Using the existing code that works on "Try with Phone Mic" button - it should receive a transcription and paste it in the chat

Try not to create any new variables or modules or components

Chat page: Image

kodjima33 avatar Mar 17 '25 08:03 kodjima33

working on it, will try to get it done by today

neooriginal avatar Mar 17 '25 09:03 neooriginal

/attempt #1953

neooriginal avatar Mar 17 '25 11:03 neooriginal

@neooriginal amazing but can you make it a little bit more like this pls?

https://github.com/user-attachments/assets/5b8d77db-db4e-453a-a005-2a4fe9ad9721

@AVtheking can you share demo?

kodjima33 avatar Mar 17 '25 20:03 kodjima33

@neooriginal amazing but can you make it a little bit more like this pls?

ScreenRecording_03-17-2025.13-23-18_1.MP4 @AVtheking can you share demo?

done

neooriginal avatar Mar 17 '25 22:03 neooriginal

Using the existing code that works on "Try with Phone Mic" button - it should receive a transcription and paste it in the chat

folks, ensure you fully understand the requirements, or if you want to propose a better solution but doesn't fully align with the requirement, let talk to Nik to clarify it.

make sure we are on the same page.

for example, @neooriginal did you use a new STT library, not based on the current Try with Phone Mic ?

beastoin avatar Mar 18 '25 01:03 beastoin

Hi @beastoin I tried implementing it by following the requirement, could you please take a look if the approach is correct . I will upload a demo video in a while , have to give exam in few hours 😅

AVtheking avatar Mar 18 '25 02:03 AVtheking

I talked to Nik via telegram already. I can easily implement the backend stt. On device is superior though:

  1. way faster
  2. cheaper for you
  3. it does not have to be 1to1 accurate like in text messages because AI can interpret it
  4. apple one works fine since apple intelligence for me
  5. works offline
  6. id say even better then deepgram on android/pixel devices

-------- Ursprüngliche Nachricht -------- Am 18.03.25 11:49 um Thinh schrieb :

Using the existing code that works on "Try with Phone Mic" button - it should receive a transcription and paste it in the chat

folks, ensure you fully understand the requirements, or if you want to propose a better solution but doesn't fully align with the requirement, let talk to Nik to clarify it.

make sure we are on the same page.

for example, @.***(https://github.com/neooriginal) did you use a new STT library, not based on the current Try with Phone Mic ?

— Reply to this email directly, view it on GitHub, or unsubscribe. You are receiving this because you were mentioned.Message ID: @.***>

[beastoin]beastoin left a comment (BasedHardware/omi#1953)

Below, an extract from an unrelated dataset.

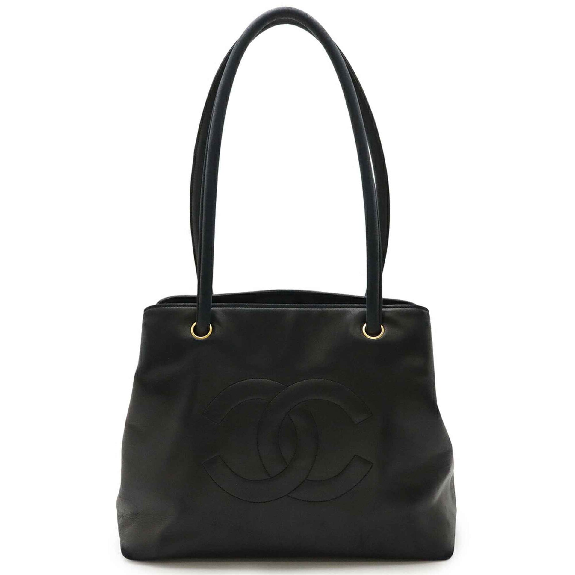 CHANEL Coco Mark Tote Bag Shoulder Lambskin Leather Black
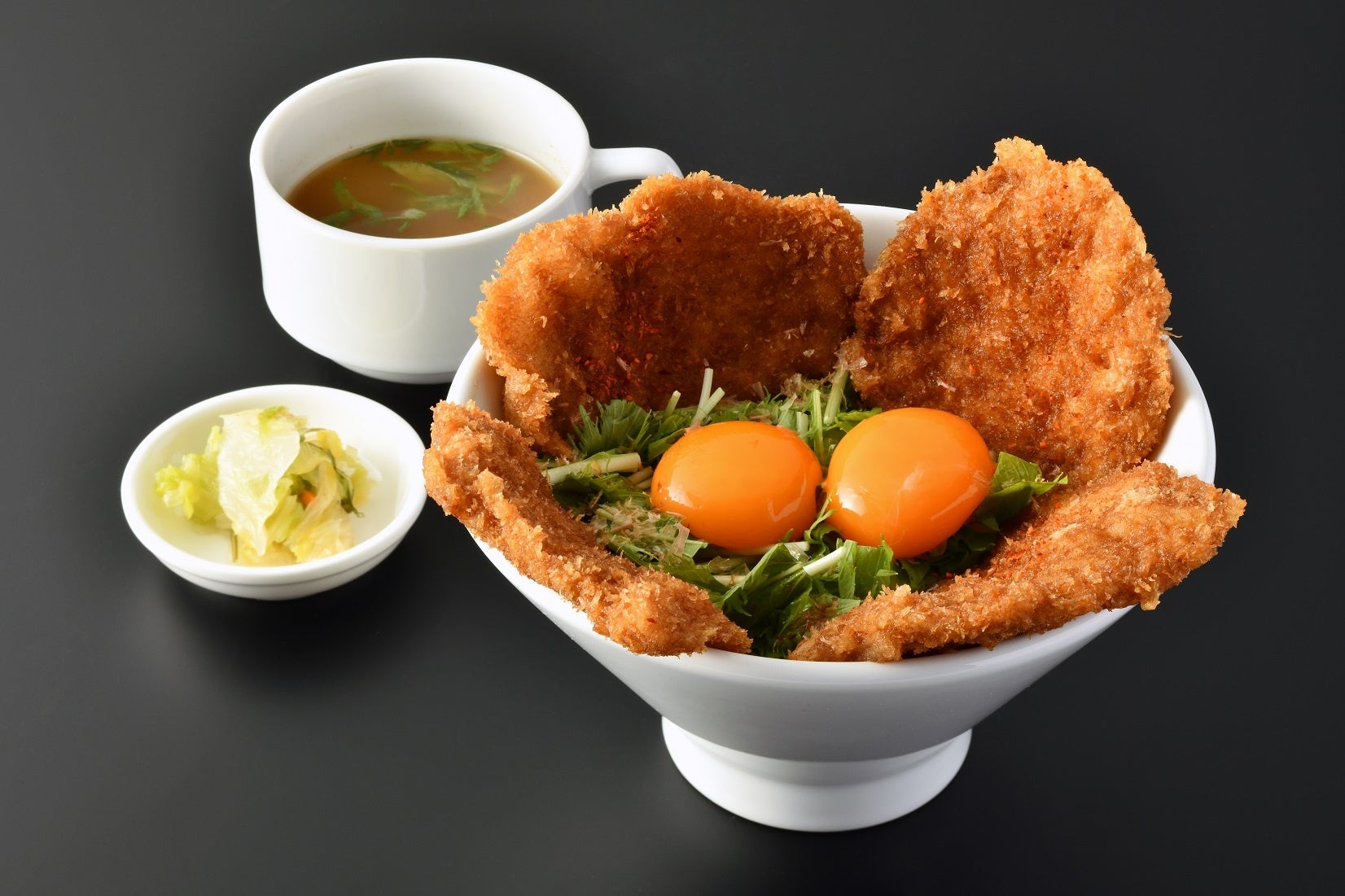 TKG×タレかつ飯オリジナルのタレかつとTKG(卵かけごはん)との組み合わせ。

Using the existing code that works on "Try with Phone Mic" button - it should receive a transcription and paste it in the chat

folks, ensure you fully understand the requirements, or if you want to propose a better solution but doesn't fully align with the requirement, let talk to Nik to clarify it.

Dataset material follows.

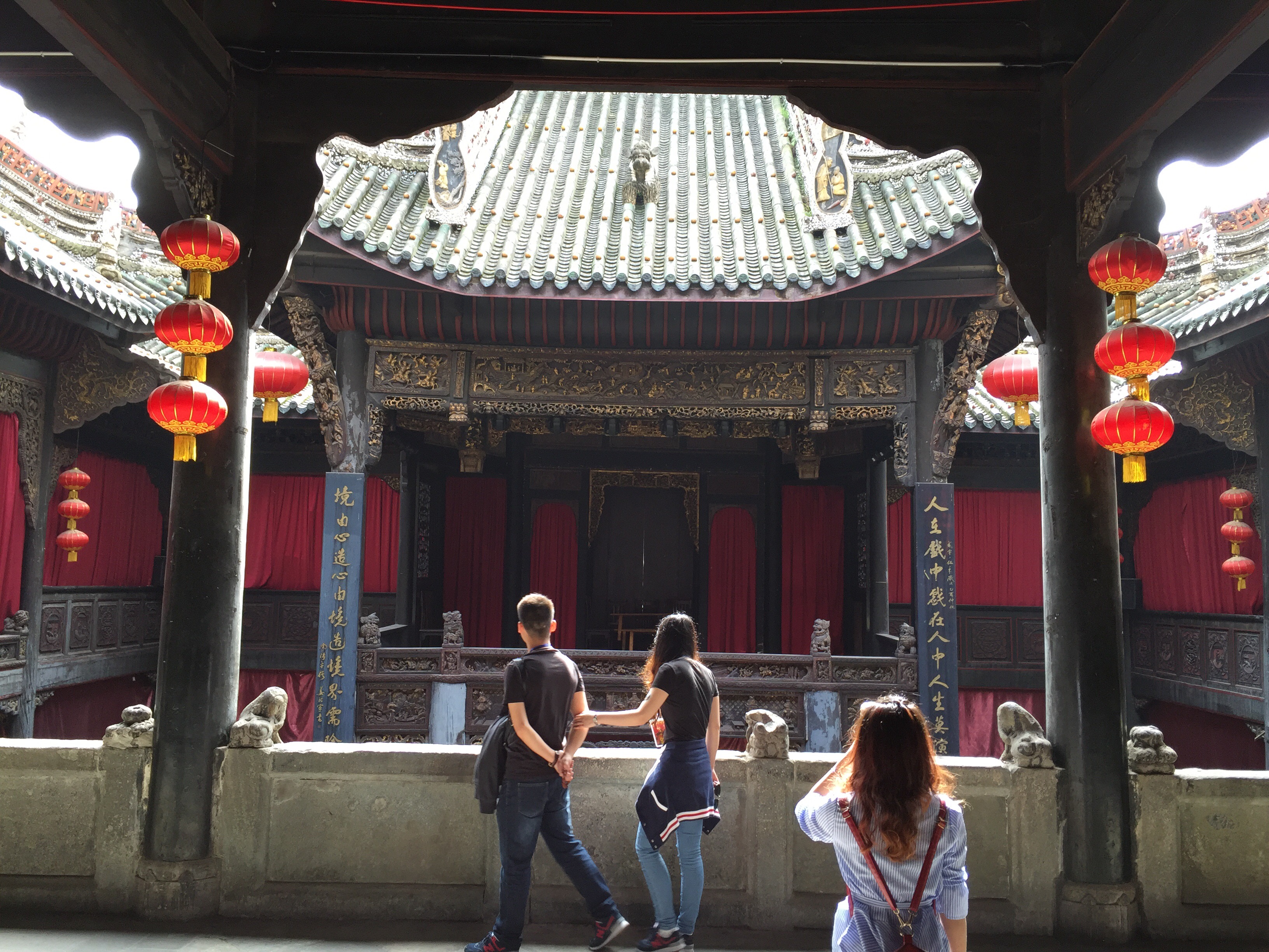 ↑游客在观赏重庆湖广会馆的戏楼。新华社资料片(本报记者王金涛摄)

make sure we are on the same page.

for example, @.***(https://github.com/neooriginal) did you use a new STT library, not based on the current Try with Phone Mic ?

— Reply to this email directly, view it on GitHub, or unsubscribe. You are receiving this because you were mentioned.Message ID: @.***>

neooriginal avatar Mar 18 '25 02:03 neooriginal

@neooriginal tell me more about 3. 6., i doubted that the on-device STT is better than DG

no worries, Nik and I are on the same page, if you have talked to him and he's okay with it - it's fine with me.

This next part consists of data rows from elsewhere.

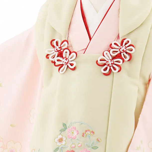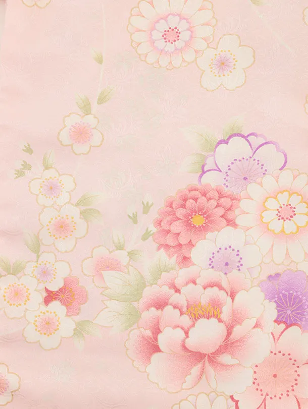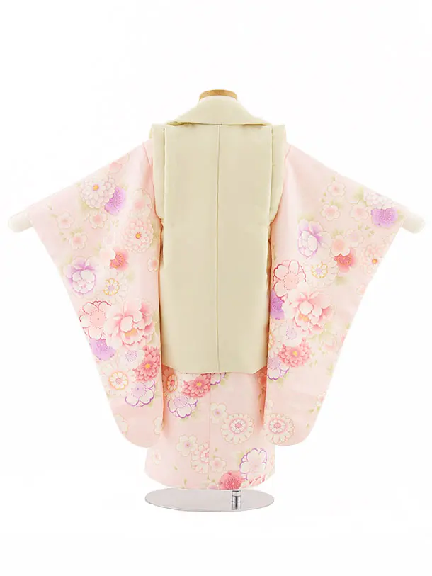 七五三(3歳女児被布)4729 ベージュ刺繍桜×ピンク菊桜牡丹
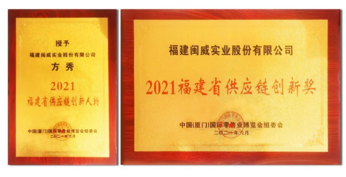 大會對在福建省供應(yīng)鏈創(chuàng)新發(fā)展中做出突出貢獻(xiàn)的企業(yè)及先進(jìn)人物進(jìn)行了表彰,我會理事單位福建閩威實業(yè)股份有限公司榮獲“2021福建省供應(yīng)鏈創(chuàng)新獎”,公司董事長方秀榮獲“2021福建省供應(yīng)鏈創(chuàng)新人物獎”。
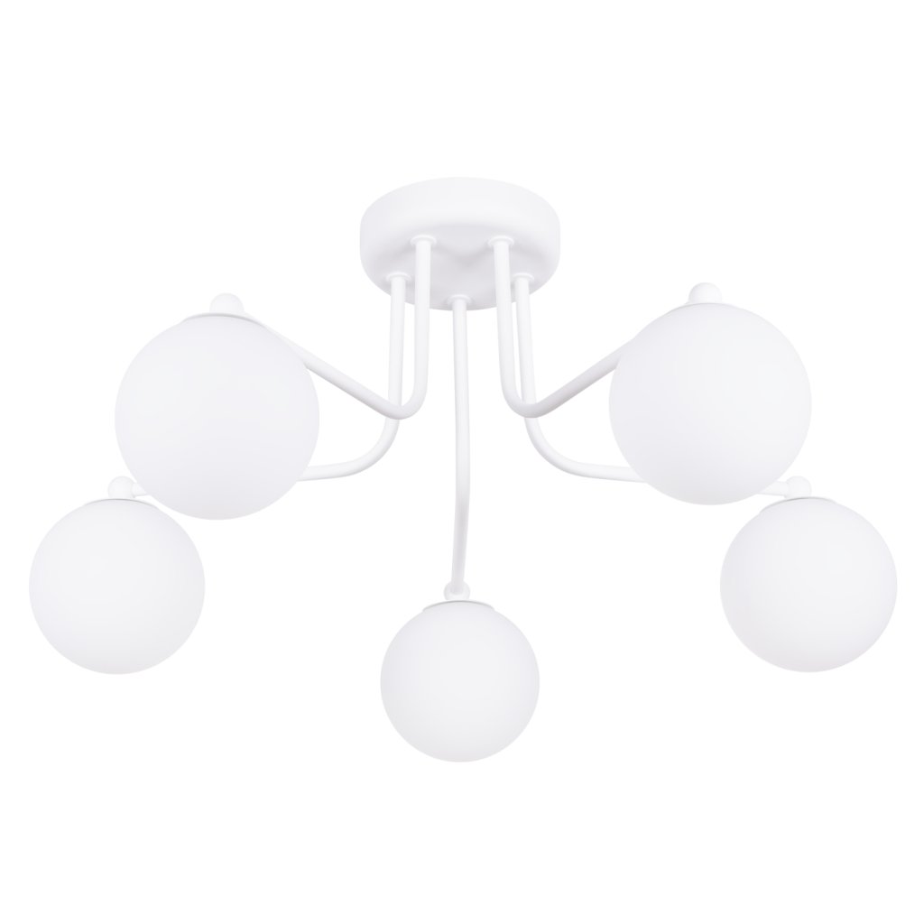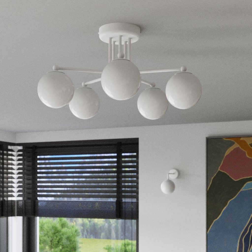 Stropní svítidlo ASTRAL s pěti bílými skleněnými stínidly je elegantní řešení osvětlení, které kombinuje moderní design s klasickou estetikou. Jednoduchá kovová konstrukce v bílé barvě působí čistě a decentně, zatímco matná kulovitá stínidla dodávají svítidlu charakter a vytvářejí harmonický vizuální dojem. Tento model se dokonale hodí do moderních i tradičních interiérů, kde vynikne svou nadčasovou jednoduchostí.

@AVtheking haha you should be faster or, Neo could take this piece of cake, looking forward.

beastoin avatar Mar 18 '25 02:03 beastoin

@neooriginal tell me more about 3. 6., i doubted that the on-device STT is better than DG

no worries, Nik and I are on the same page, if you have talked to him and he's okay with it - it's fine with me.

@AVtheking haha you should be faster or, Neo could take this piece of cake, looking forward.

Nik did not respond to me yet. He didn't seem totally against it though. Try it out yourself and if it's bad I can change it with 5 mins. I'm going to hurry up, need the cash

neooriginal avatar Mar 18 '25 02:03 neooriginal

@neooriginal man, could you do it yourself ? if you want to take this ticket, you must be super strong on your proposed solution.

tips: tell me more about the 3. 6. based on your research, focus on the WER, and, use these on-table research findings to discuss with Nik.

it also great if you could try 2 approaches and compare them yourself.

beastoin avatar Mar 18 '25 02:03 beastoin

@neooriginal man, could you do it yourself ? if you want to take this ticket, you must be super strong on your proposed solution.

tips: tell me more about the 3. 6. based on your research, focus on the WER, and, use these on-table research findings to discuss with Nik.

it also great if you could try 2 approaches and compare them yourself.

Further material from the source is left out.